October 6, 2015

The Road and Kris Bryant

Via BBTF, did the Cubs cost themselves home field advantage in the NL Wild Card game?

To be fair, it’s a small bite. In baseball, home-field advantage means the host wins roughly 54 percent of the time. The thing here is how obvious the counterfactual is to work out. The most basic illustrator is WAR—Wins Above Replacement, which offers an estimate of how many wins an individual player creates. We’ll use Fangraphs’ version of the stat: Bryant didn’t get called up until April 17, and in the eight games (plus one rainout) before his arrival Cubs third basemen combined for an offensive WAR of just under negative 0.3. (Four hits in 29 at bats will do that to you.) Over the next 154 games, Bryant played in 151 and produced 6.5 WAR. If we assume he would have hit at the same level in the games he missed (not a given, since his best months came in August and September), Bryant could have added just over 0.3 extra WAR.

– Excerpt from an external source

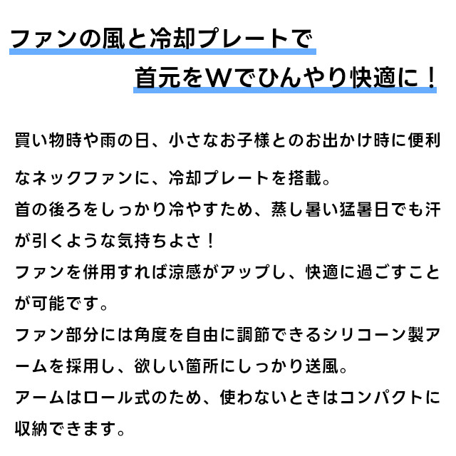 買い物時や雨の日、小さなお子様とのお出かけ時に便利なネックファンに、冷却プレートを搭載。首の後ろをしっかり冷やすため、 蒸し暑い猛暑日でも汗が引くような気持ちよさ!
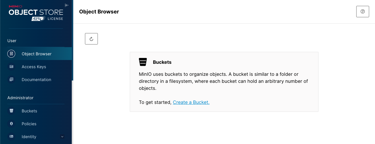 Dengan MinIO client, Anda dapat manage bucket melalui commandline.

Swap the cruddiness of Mike Olt for the excellence of Kris Bryant and you get six tenths of a win. This kind of direct conversion isn’t really how WAR works, but the size of the swing (especially in a mere eight games) shows how much Bryant’s presence would have helped the Cubs’ in their retroactive search for that extra win.

Another reason to change the rules so it’s not service time, but seasons in the majors that control arbitration and free agency.

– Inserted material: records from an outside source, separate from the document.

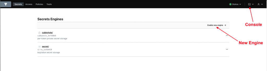 One of the first steps to using Vault is to set up a secrets engine, which you can do from the dashboard:
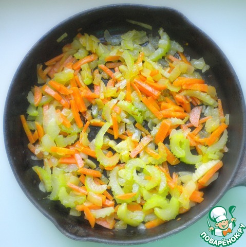 Овощи - лук, морковь и сельдерей - режем произвольно и обжариваем в небольшом количестве постного масла. Перекладываем в кастрюлю, заливаем горячей водой (жидко быть не должно), добавляем специи, сушеную петрушку и варим минут 5-10.
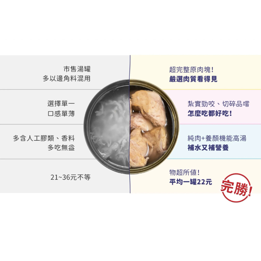 ✔ 整塊原肉,肉量扎實 ✔ 純肉高湯,補水補營養 ✔ 高適口性,挑嘴救星 ✔ 犬貓皆適用
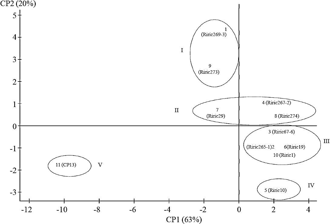 Las variedades que tuvieron las mayores frecuencias en los índices de selección: V6 (Riric19), V2 (Riric 265-1) y V10 (Riric1) se conglomeraron en el grupo III del ACP con la diferencia que en las componentes principales las variables están confundidas y en los índices están explicitas (Figura 3).

1 thought on “The Road and Kris Bryant

  1. dave

    I can’t believe you’re giving this silliness any credibility.

    The Cubs were 5-3 without Bryant. Bryant might have added .6 WAR. So Bryant would have helped the Cubs win less than one more game? Which means that the Cubs would have had the same record? Yes, we know, WAR isn’t a perfect stat to use here. But the idea that the Cubs would have done better than 5-3 in their first 8 games because Bryant is on the field simply isn’t supported by the numbers.

    So, how, exactly, did this screw the Cubs?

    Oh, and even if the Cubs COULD have won home field advantage if Bryant had been on the field for the first 8 games? I’d still take Arrieta on the road in Pittsburg and an extra year of Kris Bryant.